*Raw data*

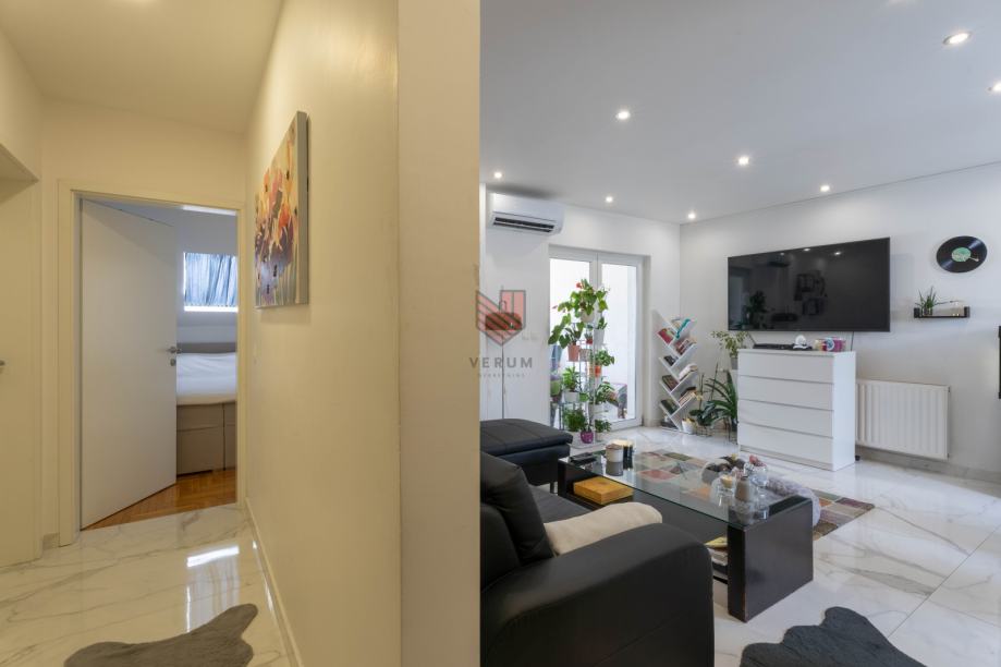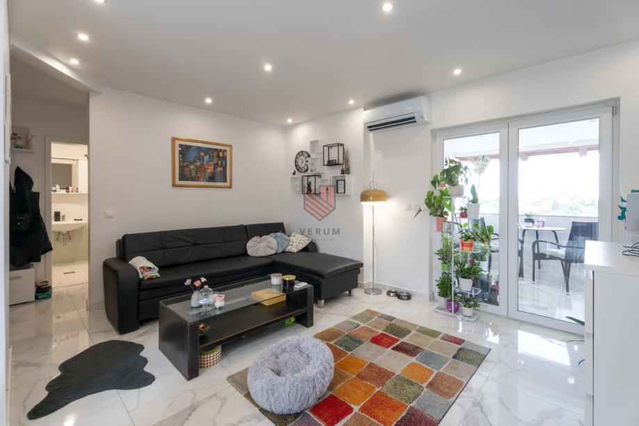 Nekretnina se sastoji od ulaznog hodnika, dnevne sobe i kuhinje povezane u jedno, dvije spavaće sobe, kupaonice, balkona te loggie s prekrasnim pogledom. Na prvom katu nalazi se spremište koje pripada nekretnini. Uz nekretninu ne dolazi parkirno mjesto te je isto moguće potražiti u blizini lokacije stana. U blizini nekretnine nalaze se svi sadržaji potrebni za život. Blizina autobusne stanice. Sve ostale infromacije na upit.
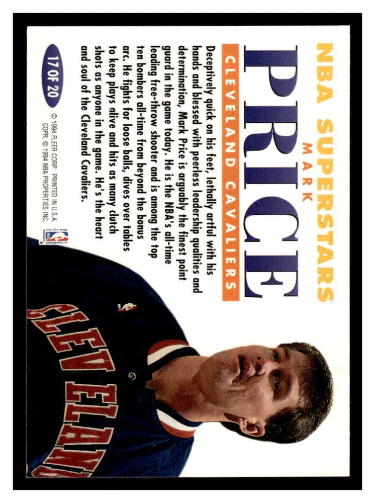 This is a nice example of a 1993-94 Fleer #17 Mark Price NBA Superstars Other important information about this card: In 1993 Mark Price played for the Cleveland Cavaliers. Please check out our other listings for more great cards.
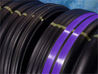 The ADS N-12 Low Head pipe joint, recognizable by its purple branding wrap is a modification of the integral bell-and-spigot joint used in N-12 WT pipe. Longer bells and spigots were introduced to provide increased joint offsets while maintaining watertight performance. Multiple ceramic/polymer wraps are used on the longer bell to provide additional sealing area and ease of joint assembly in field conditions. The spigot has been designed with space for a second optional gasket to provide redundant sealing of the joint. These modifications provide a watertight yet flexible joint that can handle the pressures associated with low head irrigation projects.
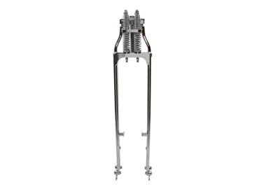 Chrome spring fork kit are tapered leg style with fender mounts and measure 36" long. Includes 1" stem, chrome springs, top tree and bottom rockers. Works with 1984-1999 single disc brake caliper and 21" wheel. 36" in length is measured from bottom tree to axle center. Order stem kit separately to fit 1952-1977 Chopper XL models. This assembly can also be used on 1948-1984 FL, 1971-1984 FX, 1986-1999 FLST, 1984-1999 FXST, 1986-1999 FLST and all rigid frames. Fits:Custom application UOM: 1 - EA Size: 36 inch Style: without Shocks 2011 Catalog pages: 1171 Drain assembly lube. We recommend 20 weight oil for average conditions. SAV for Harley Davidson Motorcycles

*Assignment*
Copy the material above exactly and drop the pictures.

*Task response*
 Nekretnina se sastoji od ulaznog hodnika, dnevne sobe i kuhinje povezane u jedno, dvije spavaće sobe, kupaonice, balkona te loggie s prekrasnim pogledom. Na prvom katu nalazi se spremište koje pripada nekretnini. Uz nekretninu ne dolazi parkirno mjesto te je isto moguće potražiti u blizini lokacije stana. U blizini nekretnine nalaze se svi sadržaji potrebni za život. Blizina autobusne stanice. Sve ostale infromacije na upit.
 This is a nice example of a 1993-94 Fleer #17 Mark Price NBA Superstars Other important information about this card: In 1993 Mark Price played for the Cleveland Cavaliers. Please check out our other listings for more great cards.
 The ADS N-12 Low Head pipe joint, recognizable by its purple branding wrap is a modification of the integral bell-and-spigot joint used in N-12 WT pipe. Longer bells and spigots were introduced to provide increased joint offsets while maintaining watertight performance. Multiple ceramic/polymer wraps are used on the longer bell to provide additional sealing area and ease of joint assembly in field conditions. The spigot has been designed with space for a second optional gasket to provide redundant sealing of the joint. These modifications provide a watertight yet flexible joint that can handle the pressures associated with low head irrigation projects.
 Chrome spring fork kit are tapered leg style with fender mounts and measure 36" long. Includes 1" stem, chrome springs, top tree and bottom rockers. Works with 1984-1999 single disc brake caliper and 21" wheel. 36" in length is measured from bottom tree to axle center. Order stem kit separately to fit 1952-1977 Chopper XL models. This assembly can also be used on 1948-1984 FL, 1971-1984 FX, 1986-1999 FLST, 1984-1999 FXST, 1986-1999 FLST and all rigid frames. Fits:Custom application UOM: 1 - EA Size: 36 inch Style: without Shocks 2011 Catalog pages: 1171 Drain assembly lube. We recommend 20 weight oil for average conditions. SAV for Harley Davidson Motorcycles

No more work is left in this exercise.